If we take a peek at the graphs of these functions, we'll see this:

Of course, we won't see that monstrous yellow blob - that's me. But what we need to concentrate on are the red graph ($g \left(x\right) = \frac{1}{x}$) and the blue graph ($f \left(x\right) = {e}^{x}$). The area between these two functions is the yellow region - and that's what we're calculating.

To find it, all we need to do is find the area under $\frac{1}{x}$ and subtract it from the area under ${e}^{x}$. We do this because the yellow region is really the area under ${e}^{x}$, without the area under $\frac{1}{x}$. Basically, take the area under $\frac{1}{x}$ away and you have the yellow region.

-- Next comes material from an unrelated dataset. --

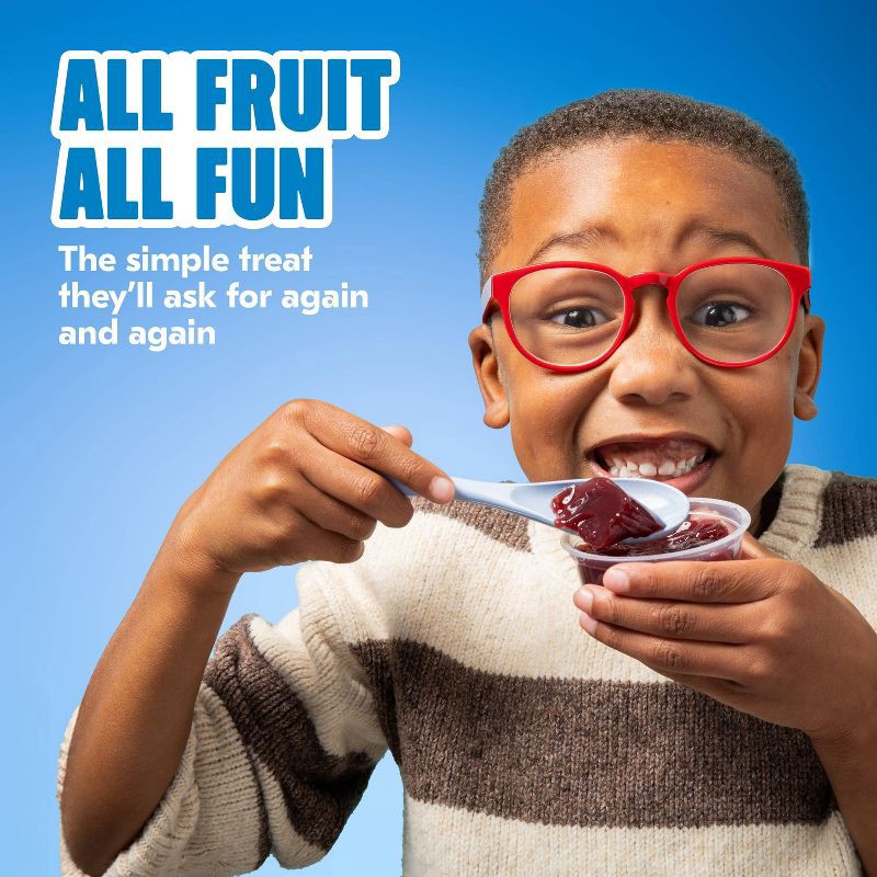 - FRUIT CUP THAT JIGGLES: A spoonable fruit cup made with real fruit purees and juices, with a smooth, jiggly jelly texture.

Mathematically, we express the area of the region like this:
$A = {\int}_{1}^{2} f \left(x\right) \mathrm{dx} - {\int}_{1}^{2} g \left(x\right) \mathrm{dx}$

Because $f \left(x\right) = {e}^{x}$ and $g \left(x\right) = \frac{1}{x}$,
$A = {\int}_{1}^{2} {e}^{x} \mathrm{dx} - {\int}_{1}^{2} \frac{1}{x} \mathrm{dx}$

Lucky for us, these two integrals are quite simple. Because the derivative of ${e}^{x}$ is ${e}^{x}$, the antiderivative is ${e}^{x}$; and because the derivative of $\ln x$ is $\frac{1}{x}$, the antiderivative is $\ln x$:
$A = {\left[{e}^{x}\right]}_{1}^{2} - {\left[\ln x\right]}_{1}^{2}$

Now it's on to evaluation:
$A = \left({e}^{2} - {e}^{1}\right) - \left(\ln 2 - \ln 1\right)$
$A = {e}^{2} - e - \ln 2$ units

An approximation to three decimal places is $A \approx 3.978$ units.